Tue Jan 23 03:28:22 UTC 2007

On Mon, 2007-01-22 at 20:48 -0600, Larry Garfield wrote:

> And right there you lose the ability to treat a node as "just a node", because 
> the node data is so spread out.  You can't easily "find all nodes created 
> after time X", because there's n different tables you have to search.  

I think I would tend to disagree. Yes, you need to load from the
database a definition of each node type. However, you only have to do
that once per node type, not once per transaction. Once you have that
type definition in memory, you can build a single query for your node
operation, regardless of how many tables the node data are spread out
among. I'll offer a refinement of my previous example for illustration:

function retrieve_newer($nodetype, $cutoff_datetime, $comparison='>=') {
  $querytext = 'SELECT * FROM node_'. $nodetype. ' ';
  $jointype = 'INNER';
  foreach( list_type_components($nodetype) AS $comp) {
    $querytext .= "$jointype JOIN typecomp_$comp 
      ON node_$nodetype.node_id 
        = typecomp_$comp.node_id". ' ';
  }
/* etc. */
  return $resultset;
}

The developer/user never needs to know about the table structure. All he
needs to know is the type identifier, or even just a type component
identifier. For SELECTing node data, he gets all the fields together,
and when he refers to 

  $mynode[component_name][field_name]

he'll get the fields he wants. The only way he wouldn't is if he asked
for the wrong node type, and that's hard to do in this example. (As I
mentioned previously, you would never even want a node's data without
having at least partial knowledge of its type.)
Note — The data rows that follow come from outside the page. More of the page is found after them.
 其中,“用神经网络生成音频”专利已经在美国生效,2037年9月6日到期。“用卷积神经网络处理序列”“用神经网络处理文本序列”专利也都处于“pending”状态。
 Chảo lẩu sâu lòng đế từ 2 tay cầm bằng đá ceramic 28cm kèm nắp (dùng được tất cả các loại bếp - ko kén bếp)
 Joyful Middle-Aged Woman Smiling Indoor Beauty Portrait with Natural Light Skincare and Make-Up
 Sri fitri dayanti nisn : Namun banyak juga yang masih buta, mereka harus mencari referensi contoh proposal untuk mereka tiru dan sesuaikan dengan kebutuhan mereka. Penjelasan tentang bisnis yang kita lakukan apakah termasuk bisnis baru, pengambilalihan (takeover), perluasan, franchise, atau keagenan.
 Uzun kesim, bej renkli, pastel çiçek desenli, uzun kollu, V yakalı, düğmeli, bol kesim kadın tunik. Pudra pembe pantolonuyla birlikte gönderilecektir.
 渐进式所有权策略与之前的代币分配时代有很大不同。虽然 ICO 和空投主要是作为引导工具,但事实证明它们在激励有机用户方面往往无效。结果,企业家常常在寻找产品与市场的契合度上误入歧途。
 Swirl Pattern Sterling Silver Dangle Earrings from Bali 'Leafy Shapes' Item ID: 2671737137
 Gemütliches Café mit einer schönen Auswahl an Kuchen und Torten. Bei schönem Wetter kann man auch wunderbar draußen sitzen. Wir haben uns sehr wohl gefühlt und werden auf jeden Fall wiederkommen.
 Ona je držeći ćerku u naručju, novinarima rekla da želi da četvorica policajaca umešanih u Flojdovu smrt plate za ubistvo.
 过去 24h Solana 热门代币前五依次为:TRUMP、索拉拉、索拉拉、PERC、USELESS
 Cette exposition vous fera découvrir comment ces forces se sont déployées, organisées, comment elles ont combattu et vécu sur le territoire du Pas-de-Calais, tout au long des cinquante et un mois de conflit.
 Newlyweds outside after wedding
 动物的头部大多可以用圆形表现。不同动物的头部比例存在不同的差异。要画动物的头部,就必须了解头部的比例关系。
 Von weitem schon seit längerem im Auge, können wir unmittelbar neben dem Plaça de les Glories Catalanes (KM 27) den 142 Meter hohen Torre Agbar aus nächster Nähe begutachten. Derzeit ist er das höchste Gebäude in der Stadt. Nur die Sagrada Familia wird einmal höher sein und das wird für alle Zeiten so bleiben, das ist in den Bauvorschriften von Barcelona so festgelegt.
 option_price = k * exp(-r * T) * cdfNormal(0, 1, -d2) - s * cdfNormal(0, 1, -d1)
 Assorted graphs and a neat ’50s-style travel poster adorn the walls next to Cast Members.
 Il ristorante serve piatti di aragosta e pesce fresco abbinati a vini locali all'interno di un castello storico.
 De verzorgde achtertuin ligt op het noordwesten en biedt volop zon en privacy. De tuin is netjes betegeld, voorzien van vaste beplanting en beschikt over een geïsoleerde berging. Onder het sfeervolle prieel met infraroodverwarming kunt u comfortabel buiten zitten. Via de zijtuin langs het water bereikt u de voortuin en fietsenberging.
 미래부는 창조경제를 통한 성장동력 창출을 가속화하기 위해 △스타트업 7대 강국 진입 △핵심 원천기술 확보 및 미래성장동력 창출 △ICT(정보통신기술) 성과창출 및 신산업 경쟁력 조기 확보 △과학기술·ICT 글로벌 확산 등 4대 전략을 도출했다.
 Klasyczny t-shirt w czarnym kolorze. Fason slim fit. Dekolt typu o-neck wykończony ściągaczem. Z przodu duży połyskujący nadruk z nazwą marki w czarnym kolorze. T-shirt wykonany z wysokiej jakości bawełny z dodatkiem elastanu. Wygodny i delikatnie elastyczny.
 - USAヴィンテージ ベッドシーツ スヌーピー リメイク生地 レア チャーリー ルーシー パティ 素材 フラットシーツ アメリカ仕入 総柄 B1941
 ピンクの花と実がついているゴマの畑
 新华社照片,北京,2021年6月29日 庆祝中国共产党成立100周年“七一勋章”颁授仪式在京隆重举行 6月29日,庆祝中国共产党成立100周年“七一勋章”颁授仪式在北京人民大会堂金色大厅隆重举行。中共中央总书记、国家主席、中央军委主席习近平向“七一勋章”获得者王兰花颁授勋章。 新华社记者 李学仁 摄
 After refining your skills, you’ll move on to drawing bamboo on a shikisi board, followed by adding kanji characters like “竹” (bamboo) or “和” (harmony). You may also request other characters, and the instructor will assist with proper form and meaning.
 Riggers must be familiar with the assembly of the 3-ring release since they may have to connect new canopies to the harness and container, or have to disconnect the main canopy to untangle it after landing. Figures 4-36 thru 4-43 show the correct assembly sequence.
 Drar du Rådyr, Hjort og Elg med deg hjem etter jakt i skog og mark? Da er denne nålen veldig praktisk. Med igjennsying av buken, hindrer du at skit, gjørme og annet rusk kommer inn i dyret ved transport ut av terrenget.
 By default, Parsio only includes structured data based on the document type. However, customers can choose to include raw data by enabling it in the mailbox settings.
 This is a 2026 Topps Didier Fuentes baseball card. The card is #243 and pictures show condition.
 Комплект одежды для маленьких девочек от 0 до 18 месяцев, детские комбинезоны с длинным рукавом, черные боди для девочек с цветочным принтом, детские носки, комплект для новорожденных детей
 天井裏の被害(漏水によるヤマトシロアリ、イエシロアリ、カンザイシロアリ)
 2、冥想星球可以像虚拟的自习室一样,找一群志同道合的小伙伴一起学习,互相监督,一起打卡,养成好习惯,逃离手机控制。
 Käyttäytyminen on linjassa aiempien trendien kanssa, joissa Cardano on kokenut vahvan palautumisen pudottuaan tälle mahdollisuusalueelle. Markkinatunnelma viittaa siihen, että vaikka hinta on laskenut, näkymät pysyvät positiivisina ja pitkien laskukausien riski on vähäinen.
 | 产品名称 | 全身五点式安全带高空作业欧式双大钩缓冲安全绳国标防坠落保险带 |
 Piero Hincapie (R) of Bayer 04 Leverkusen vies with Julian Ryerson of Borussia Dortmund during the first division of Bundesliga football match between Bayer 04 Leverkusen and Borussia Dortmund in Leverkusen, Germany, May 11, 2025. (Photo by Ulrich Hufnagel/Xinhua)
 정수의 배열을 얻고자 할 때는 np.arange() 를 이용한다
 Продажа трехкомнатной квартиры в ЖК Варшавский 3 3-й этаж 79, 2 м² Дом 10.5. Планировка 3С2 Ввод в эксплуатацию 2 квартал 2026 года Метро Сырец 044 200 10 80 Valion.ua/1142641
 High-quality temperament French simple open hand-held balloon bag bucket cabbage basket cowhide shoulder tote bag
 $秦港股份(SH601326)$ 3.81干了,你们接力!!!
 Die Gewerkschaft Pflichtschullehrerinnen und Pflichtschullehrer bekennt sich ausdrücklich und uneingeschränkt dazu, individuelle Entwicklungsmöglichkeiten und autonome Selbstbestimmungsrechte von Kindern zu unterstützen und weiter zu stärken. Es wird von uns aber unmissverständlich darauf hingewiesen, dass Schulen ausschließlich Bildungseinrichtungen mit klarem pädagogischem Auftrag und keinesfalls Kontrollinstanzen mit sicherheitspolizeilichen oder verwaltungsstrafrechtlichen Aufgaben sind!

So, we'll have *at most* one query per node operation--less with lists
of nodes--plus one query per node type per bootstrap. (We may be able to
eliminate the latter. I'm about to post a proposed module loading scheme
that could reduce or eliminate those.)

Now, this does imply a separate query for each node type in any list of
nodes. I think maybe we could work to improve even that with the right
join setup, but even if I'm wrong, one query per node type ain't so bad.

> And of course, I'm seeing a trend toward more CCK-esque nodes, which means 
> fields get split out into separate tables to allow for richer data types and 
> multi-value fields.  That complicates things in an entirely different way.

Again, I believe I may not agree. Assume we require that *all* node
fields be bundled up in the named groups that I called "node type
components", and in the manner of modules like Case Tracker or Category.
Assume also that each type-component has its own table, with the
relationships I described before.

Then, simply by knowing either the node's type identifier _or_ the
identifier of any of the node's type components, we have full access to
all of a node's data, *even if* we don't have full information
beforehand of its type. _Complexity_ becomes much less of an issue at
the module-development level.

There is the peformance load of table joins to consider, but I'm not
worried about it much. For one, we have that now. For another, perhaps
that will be offset by the reduced number of queries involved in a node
transaction.

-Edgar